Checkpointing and human-in-the-loop patterns
Checkpointing saves graph state at each node, enabling two things: resumption after failure, and human approval gates.
from langgraph.checkpoint.memory import MemorySaver
from langgraph.graph import StateGraph, END, interrupt
class ReviewState(TypedDict):
messages: Annotated[list[BaseMessage], add_messages]
draft: str
approved: bool
def draft_node(state: ReviewState) -> ReviewState:
response = llm.invoke(state["messages"])
return {"draft": response.content, "approved": False}
def human_review_node(state: ReviewState) -> ReviewState:
# interrupt() pauses execution and surfaces state to the caller
# The human can inspect state["draft"] and decide
human_decision = interrupt({"draft": state["draft"], "action": "approve_or_revise"})
return {"approved": human_decision.get("approved", False)}
def publish_node(state: ReviewState) -> ReviewState:
print(f"Publishing: {state['draft']}")
return state
def route_after_review(state: ReviewState) -> str:
return "publish" if state["approved"] else "draft"
builder = StateGraph(ReviewState)
builder.add_node("draft", draft_node)
builder.add_node("human_review", human_review_node)
builder.add_node("publish", publish_node)
builder.set_entry_point("draft")
builder.add_edge("draft", "human_review")
builder.add_conditional_edges("human_review", route_after_review, {
"publish": "publish",
"draft": "draft",
})
builder.add_edge("publish", END)
# MemorySaver persists state in memory; use SqliteSaver or PostgresSaver in production
checkpointer = MemorySaver()
graph = builder.compile(checkpointer=checkpointer, interrupt_before=["human_review"])
thread_config = {"configurable": {"thread_id": "session-001"}}
# Start execution — pauses at human_review
result = graph.invoke(
{"messages": [HumanMessage(content="Write a blog post about LangGraph")]},
config=thread_config,
)
print("Draft ready for review:", result["draft"][:100])
# Resume with human decision
final = graph.invoke(
{"approved": True},
config=thread_config,
)
This pattern is the foundation for any agent workflow that requires auditability or human oversight before irreversible actions.
Common mistakes
Putting business logic in edge conditions.
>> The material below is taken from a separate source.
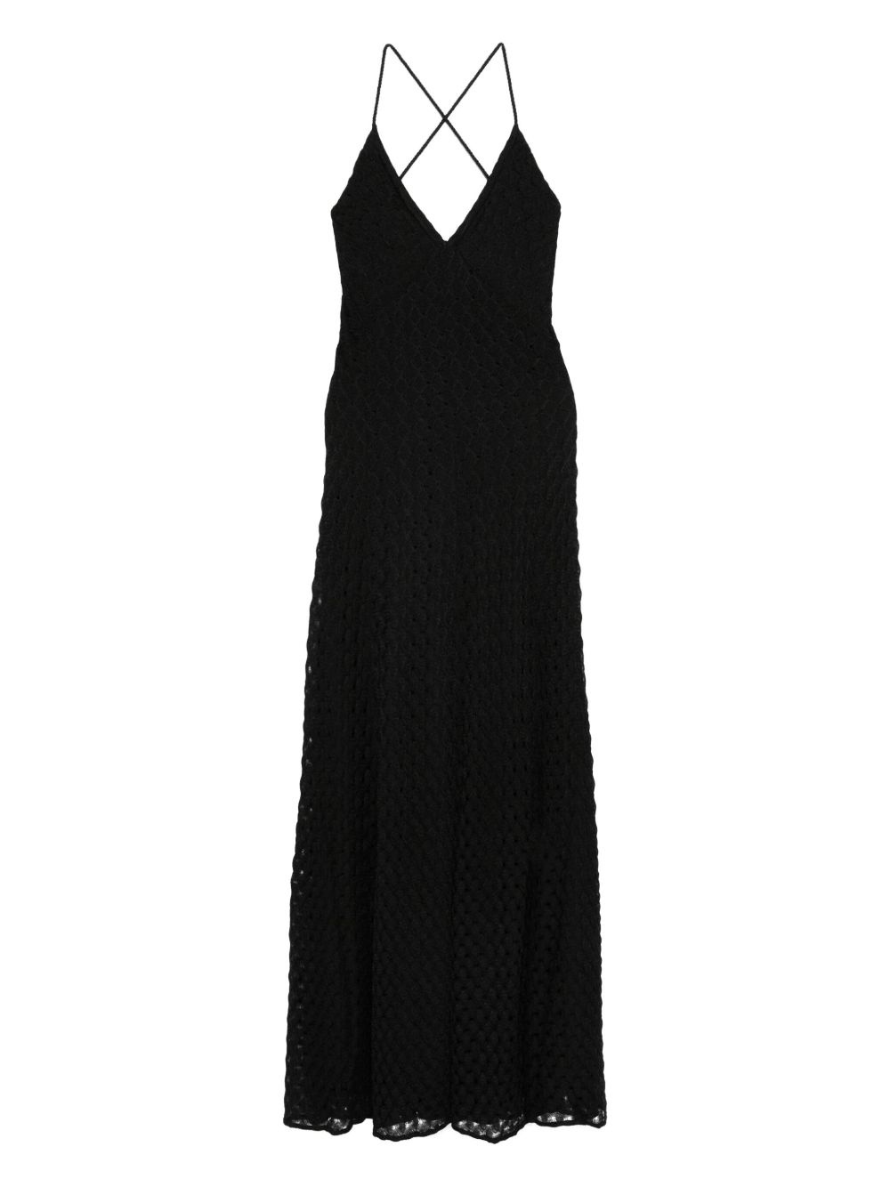 V-neck maxi dress Highlights - Black - Rear zip fastening - Rear criss-cross straps - Open back - Textured finish - The item you receive may differ slightly from the item photographed. this is due to the artisanal nature with which all missoni products are constructed. Made in Italy Composition Lining: Polyester 82%, Elastane 18% Outer: Viscose 100% SIZE & FIT Model measurements Height 5 ft 10 in(1.78 m) Bust/Chest 31.49 in(80 cm) Hips 37 in(94 cm) Waist 23.62 in(60 cm) FittingInformation Designed for a close fit at the chest and waist with a loose fit at the hip Made from a midweight stretch fabric, this piece offers elasticity and flexibility when worn Washing instructions Dry Clean Only

Routing functions should be thin — read a field from state and return a string. Complex logic in routing is hard to test. Put the logic in the node and have the node set a next_step field.
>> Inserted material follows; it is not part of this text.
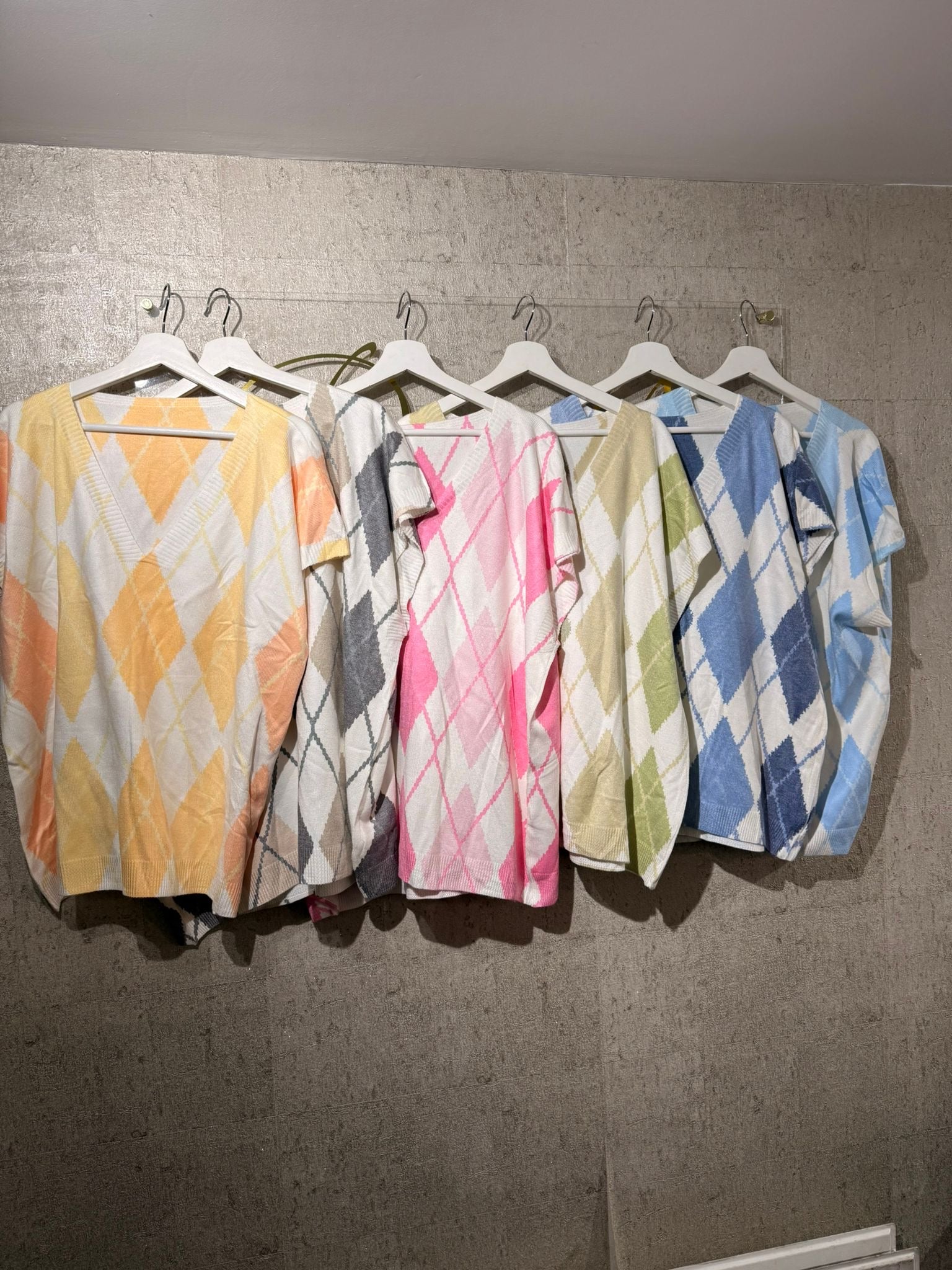 A fresh twist on a classic, this lightweight knit top features a timeless argyle pattern in soft pastel tones. Designed with a flattering V-neckline, relaxed fit, and breathable fabric, it’s perfect for effortless everyday styling - wear it with denim, trousers, or layered under a jacket.

Mutable state without the add_messages annotation. LangGraph uses reducers to merge state updates. Without Annotated[list, add_messages], appending to a messages list will overwrite it instead of extending it.
Not using checkpointing in multi-step workflows. A 10-step agent that fails on step 8 without a checkpointer loses all progress. Add MemorySaver during development and swap to a persistent backend before production.
Deeply nested subgraphs for simple branching. LangGraph supports subgraphs (a graph as a node), but two-branch routing does not need one. Use conditional edges for simple cases; reserve subgraphs for genuinely modular, reusable agent components.
Try it yourself
Build a LangGraph agent with three nodes: planner (decomposes a user request into steps), executor (runs one step using a tool of your choice), and reviewer (checks if all steps are done or flags which steps failed). Add a conditional edge from reviewer back to executor if there are incomplete steps, and to END when all steps succeed. Test it with a multi-step research request.